14-Jul-2021
Linear Search
Finding element from array
from left to right, searching specific elements
Pseudocode:
For i items, from 0 to i-1 times
→search for specific element for each item, then stop
→if no, move to next one
→if yes, return true
Worst case: need to look through everything even target is not inside the array
Best case: could find it immediately and not complex, could find immediately
Binary Search
Comparing with linear search , it is more efficient, but need to fulfill conditions and more complex to code
divide the array in half and look for the half that contains specific elements
→the array must first be sorted
My question: if the amount of data is in odd number, could it run binary?

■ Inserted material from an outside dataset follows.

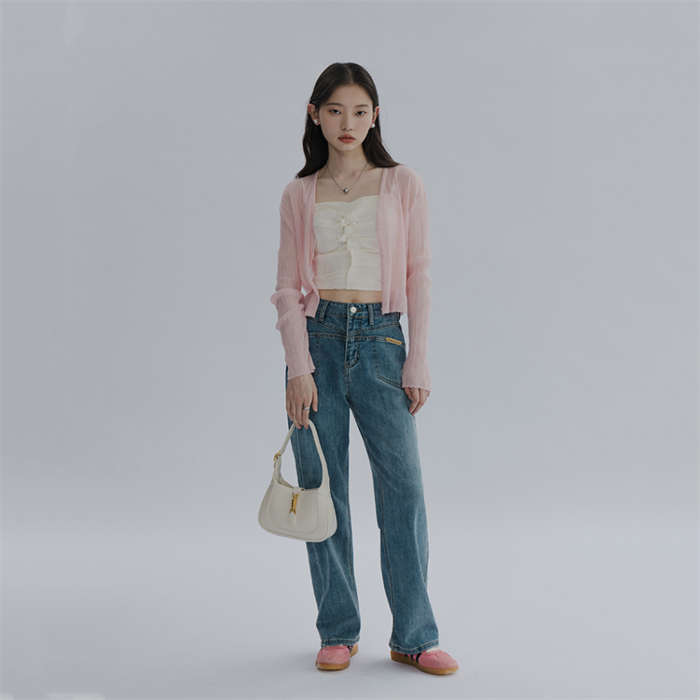 デニムパンツ ビジュー付き

→ this one is for odd numbered array
→could you write one for even number array?
Pseudocode:
Repeat until the (sub)array is 0
→Calculate the middle point of the current array
→if target is at the middle, stop
→Otherwise, if the target is less than what’s at the middle, repeat, changing the end point to be just to the left of the middle
→Otherwise, if the target is more than what’s at the middle, repeat, changing the end point to be just to the right of the middle
Worst case: even if all halves were run through for (log n times), there are no elements in the array that fit , or in the middle of the last half
Best case: the element I am looking for is right in the middle of the array, so I could find it is the first time
Bubble Sort
Move higher element in the right, and lower to the left
My Pseudocode:
Compare the i and i+1 elements for n-2 times
→if i+1 element larger than i element
→ →swap and compare with i+1 and i+2 elements
→if i element larger than i+1 element
→ → move and compare with i+1 and i+2 elements
Problem: no parameter to tell the program when to stop
Tutor:
Set swap counter(???) to non-zero value (so that is could start, look at below code)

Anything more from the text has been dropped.